A series of tweets by White House spokesman Sean Spicer on Friday commenting on strong February job creation figures may have run afoul of federal guidance barring most officials from commenting on key economic data within an hour of its release, Reuters reported.
The rule, Statistical Policy Directive Number 3, is meant to "preserve the distinction between the policy-neutral release of data by statistical agencies and their interpretation by policy officials," the White House budget office explained when it published the most recent version in September 1985.
Jason Furman, who led President Barack Obama's Council of Economic Advisers, noted on Twitter that the rule had been in place for decades: "Everyone has followed it. Until now."

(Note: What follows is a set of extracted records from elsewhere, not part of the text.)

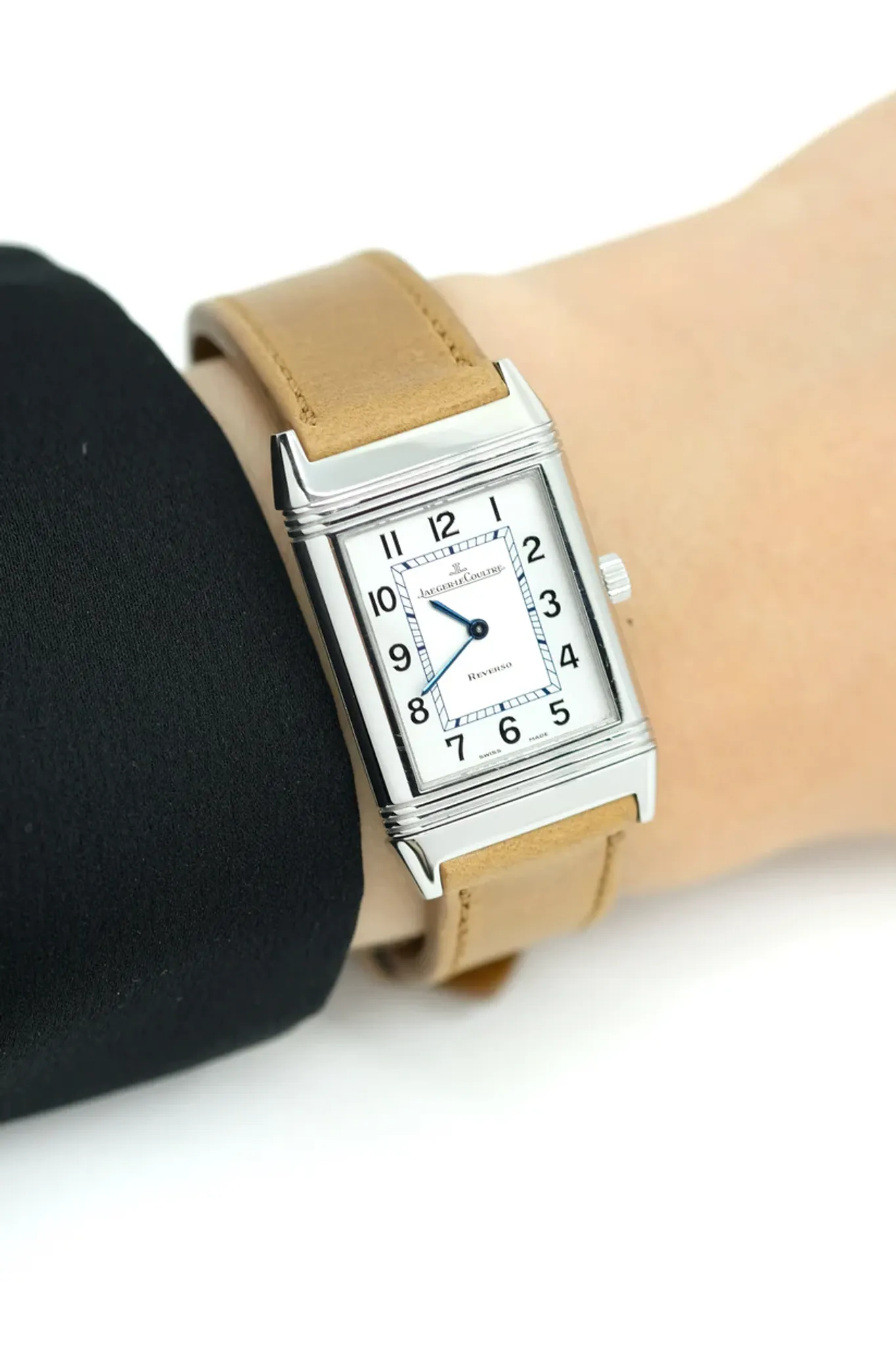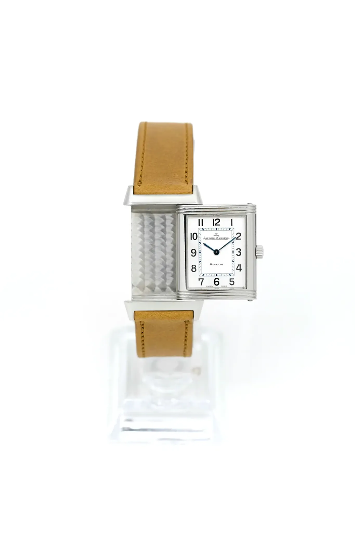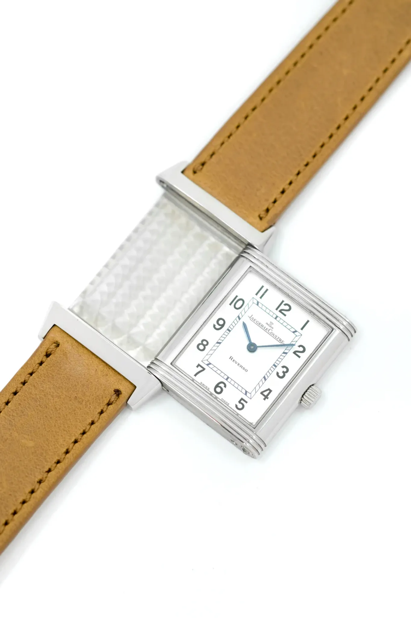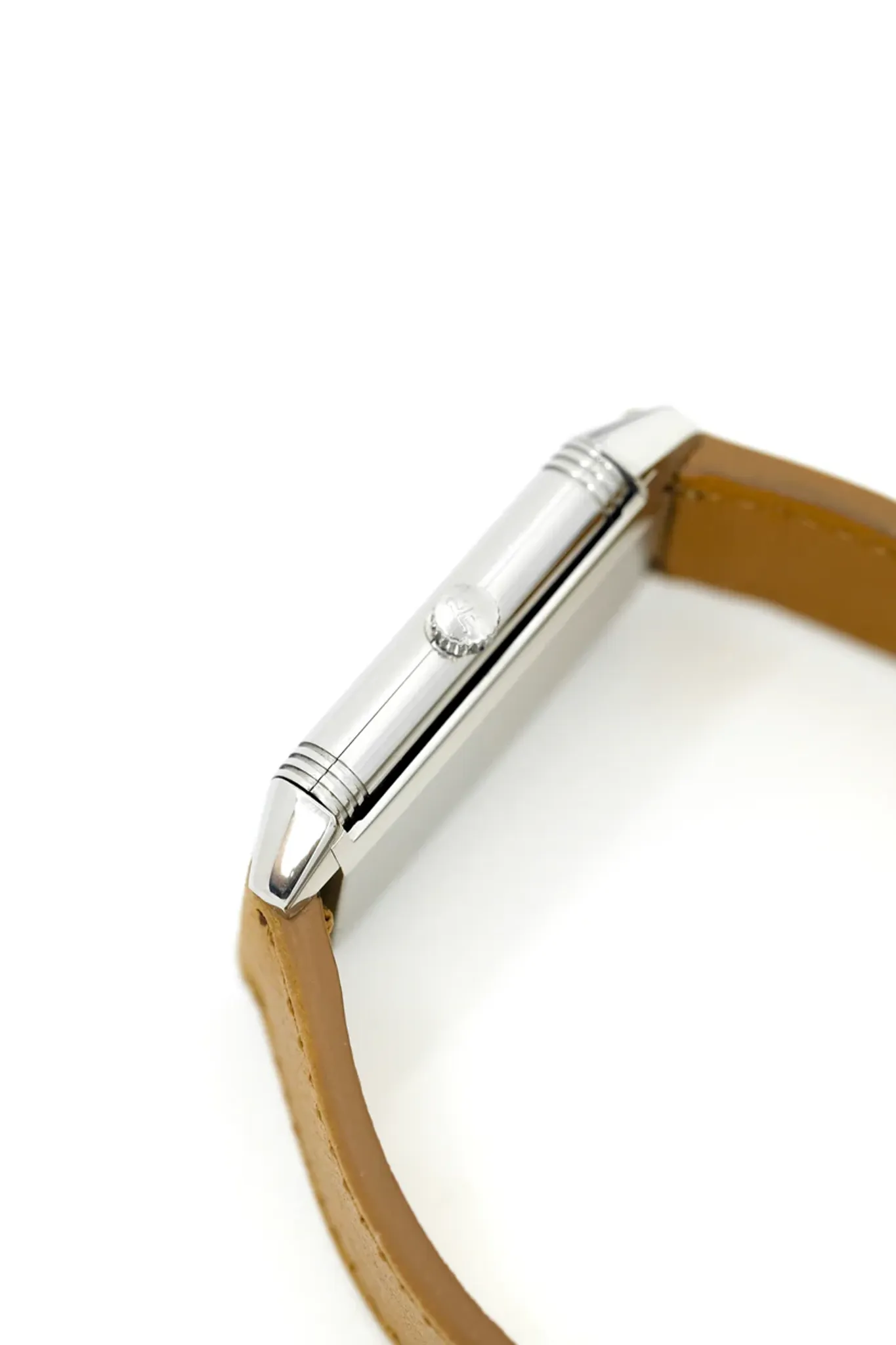 This is the traditional version of the Jaeger-LeCoultre Reverso, a very elegant urban model with its elongated dial, extremely comfortable on the wrist, especially due to its shape but also thanks to its signed steel folding clasp. All steel, this Reverso goes with everything. This is perhaps the most discreet and unisex version. With a slightly pearly white dial, it will go with any strap color.
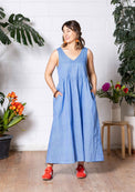 This beautifully simple maxi dress offers two neckline options, a classic scoop or a soft v-neck, so you can choose your preference. Side pockets add practicality, and the gathered skirt falls to the lower calf.
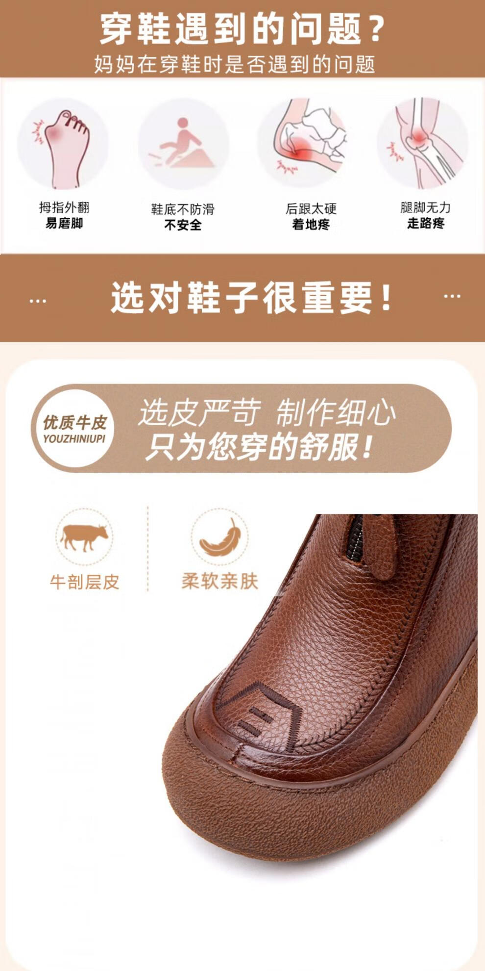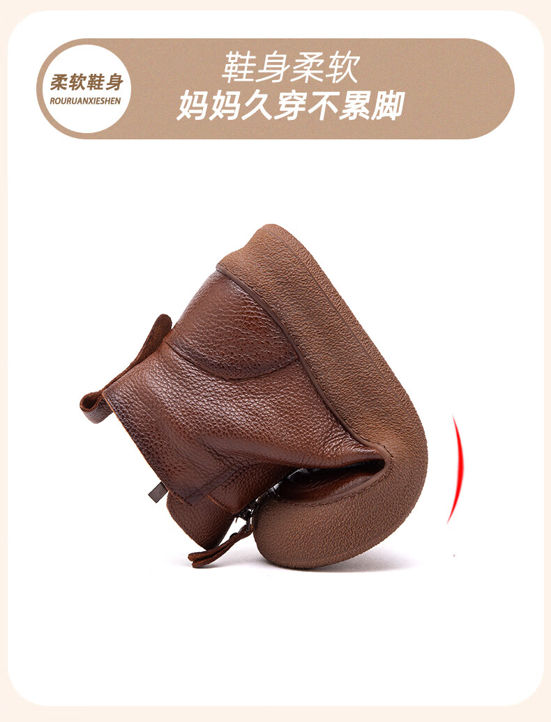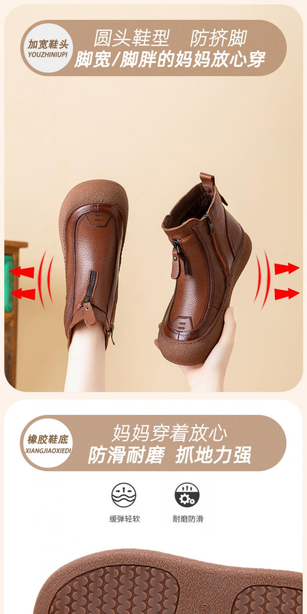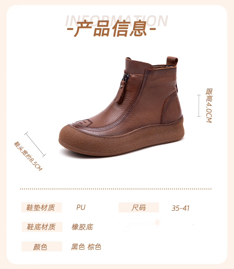 稻草人(MEXICAN)复古真皮厚底马丁靴女2026秋冬新款加绒保暖小短靴软底舒适妈妈鞋 黑色加绒 35
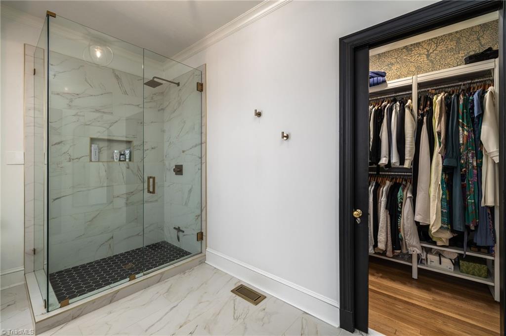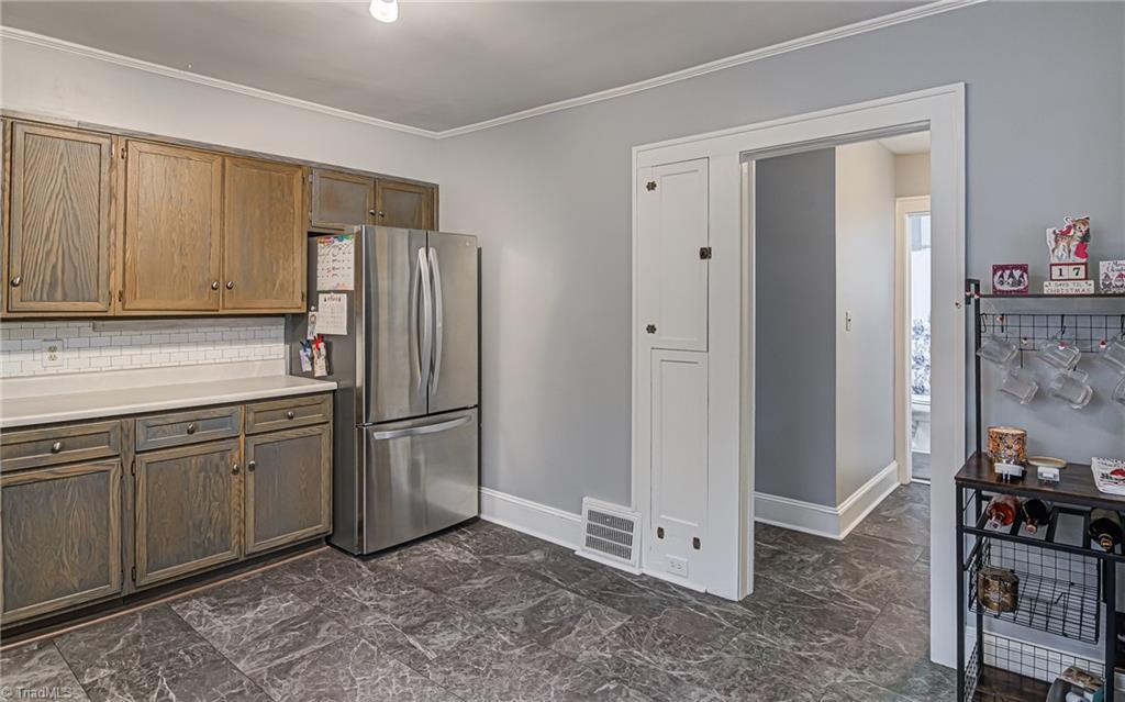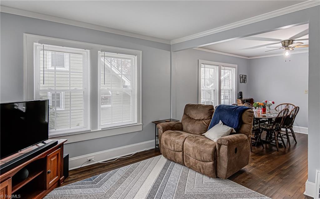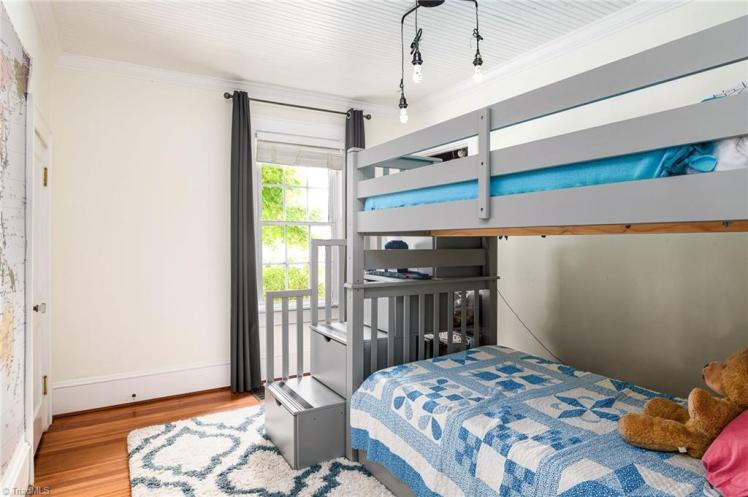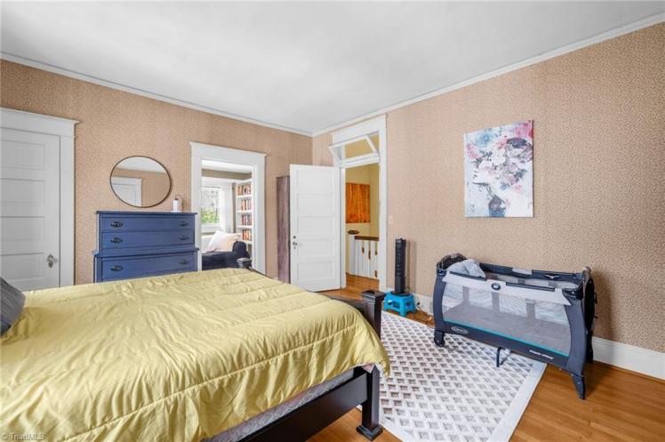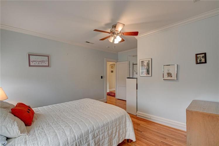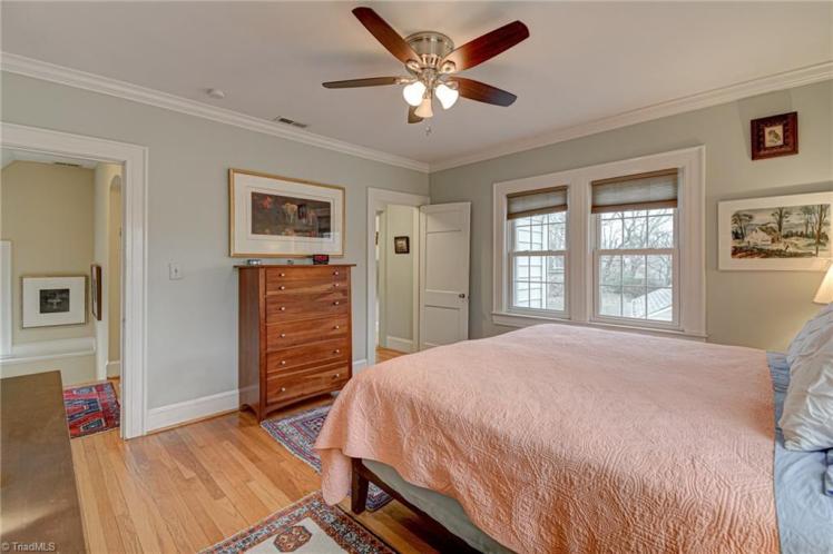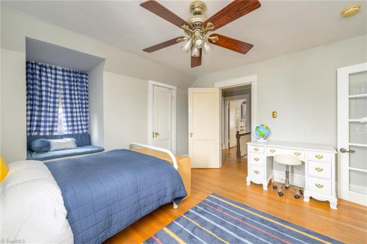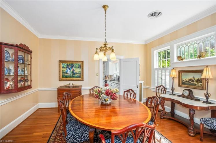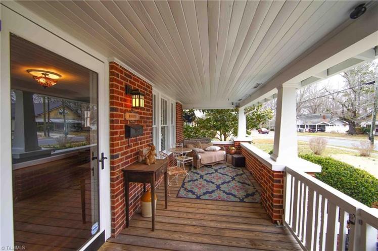 - District NRHP nomination: “1 1/2 story brick Craftsman style house, with overhanging, bracketted eaves, a hooded front entrance, a brick shed dormer, and a front porch with massive brick posts. Walter Crissman bought this lot in 1927 and had the house built soon afterward as a residence for his mother. Upon her death Mr. Crissman and his wife moved in and lived here until 1966. Crissman had a long and illustrious career as a lawyer and Superior Court judge in High Point.”
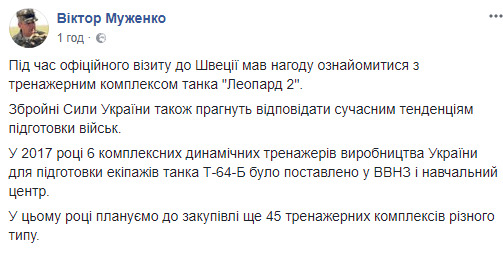"У 2017 році 6 комплексних динамічних тренажерів виробництва України для підготовки екіпажів танка Т-64-Б були поставлені у військові виші і навчальний центр. Цього року плануємо закупити ще 45 тренажерних комплексів різного типу", - написав Муженко.
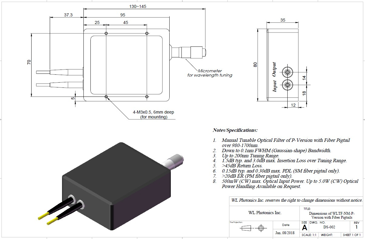 WLTFNM(或-NE)系列窄带可调谐滤光器是在自由空间光学的基础上,结合衍射光栅产生高斯形状的传输。它是一个2端口的光纤设备。当宽带频谱被注入到输入端口时,可调谐滤波器将选择一个目标频带进行输出,并拒绝频谱的其余频带。波长调谐由精密千分尺驱动器或通过USB接口连接到PC的微步进电机驱动,其中驱动由内置编码器监控并在闭环中动态控制。正在申请**的光学设计提供了带宽和调谐范围的好的选择,具有市场上所未有的低插入损耗和偏振相关损耗(PDL)。精确的调谐机制使滤波器能够提供高波长分辨率和出色的波长调谐重复性。手动和电动版本的过滤器都可用于X、O、S、C和L波段.
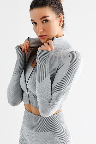 Add to your active lifestyle the experience of full comfort with our striking new complete and stylish seamless three-piece sports bra, zip front crop jacket, and leggings combo. We use a high level performance compression fabric to contour & beautifully sculpt your body. You can never go wrong with this super combo.
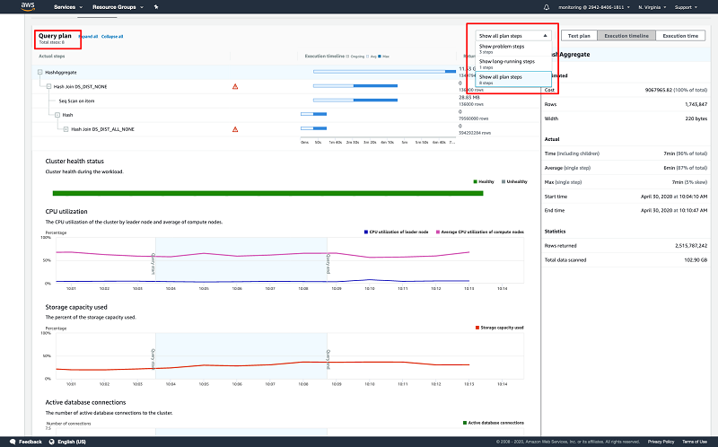 You can get a detailed view of your workload’s performance by looking at the Workload execution breakdown chart. You can find out how long it took to plan, wait, and execute your workload. You can also view time spent in operations such as INSERT, UPDATE, DELETE, COPY, UNLOAD, or CTAS. The chosen time in the query history is stored when you navigate between pages.
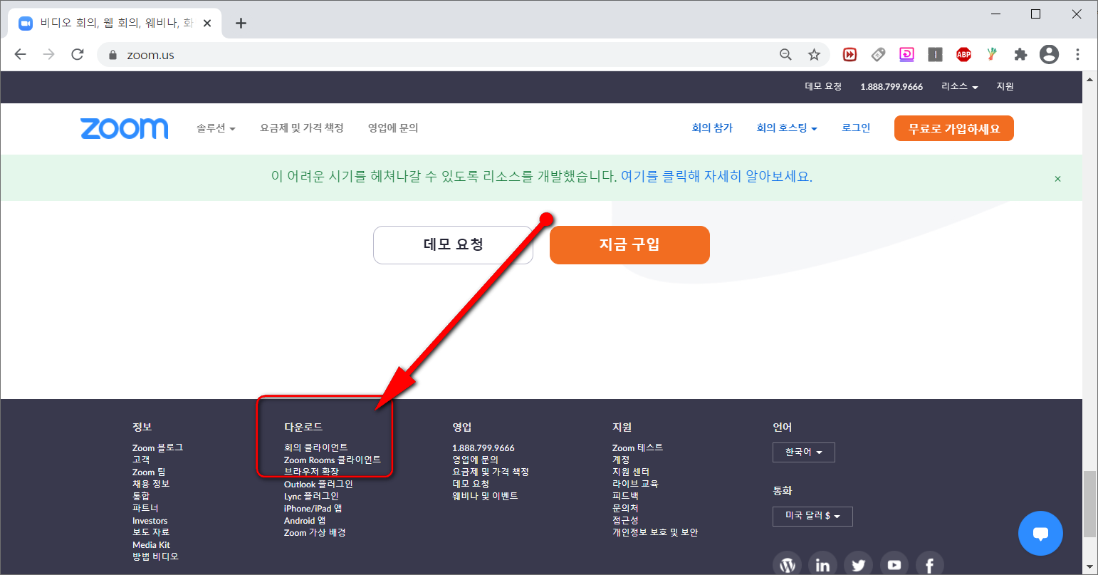 일단 클라이언트 프로그램을 다운로드 받기위해서는 zoom 공식 홈페이지를 찾아서 접속하셔야합니다. zoom.us 라는 주소를 사용하고 있는데 거기에서 웹페이지 하단을 보시면 "다운로드->회의 클라이언트"를 골라주시면 됩니다.
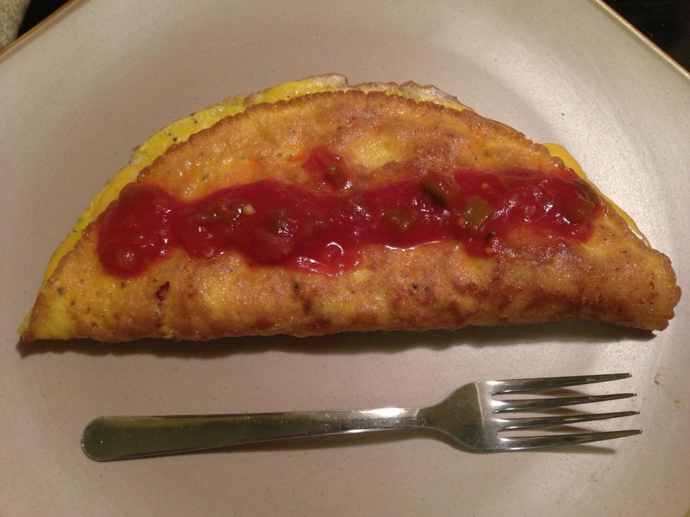 Plate it up with whatever condiments you like. If flipped at the right time, the filling should be sealed in.
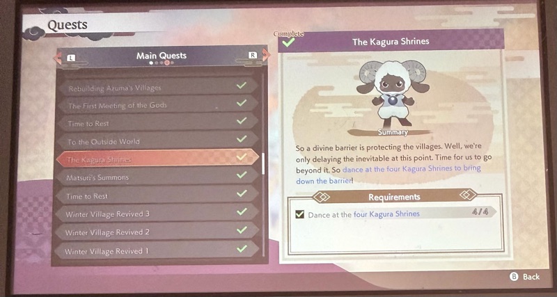1. I started a new game with a protagonist named Cybele. As always, I am pulled towards Kai and each time I play through the story, I appreciate him more. His initial appearance as an irresponsible drunkard is so very deceptive. He actually lacks the power to act until the four seasonal gods of Azuma are restored to power. He is a refugee from the Underworld but Ura cannot be deposed from power until you have activated the four seasonal Kagura shrines AND found all the Astral Shrines. Then and only then can he regain his divinity and lead you through the Underworld before helping you find the Goddess of Heaven, his divine counterpart.

Asked about the tweets at a White House news briefing, Spicer said the posts simply repeated public information and did not provide any analysis that could have disrupted markets.
"We're excited to see so many Americans back to work," he said. "So, I apologize if we were a little excited."
Erica Groshen, who led the Labor Department's statistical arm for four years under Obama, in her own comment on Twitter called the directive a "best practice" separating non-partisan number crunchers from officials with a more-political bent.
In its monthly report on U.S. employment, released at 8:30 a.m. (1330 GMT), the Labor Department said non-farm employers added 235,000 workers to their payrolls, with the unemployment rate dropping a tenth of a percentage point to 4.7 percent.
The monthly jobs data sets the tone for financial markets worldwide, and the robust pace of employment growth in February was seen as giving the Federal Reserve a green light to raise interest rates next week.
Twenty-four minutes after the data was released, Spicer tweeted, "Great news for American workers: economy added 235,000 new jobs, unemployment rate drops to 4.7% in first report for @POTUS Trump."
Minutes later, he offered a fresh post: "Not a bad way to start day 50 of this Administration."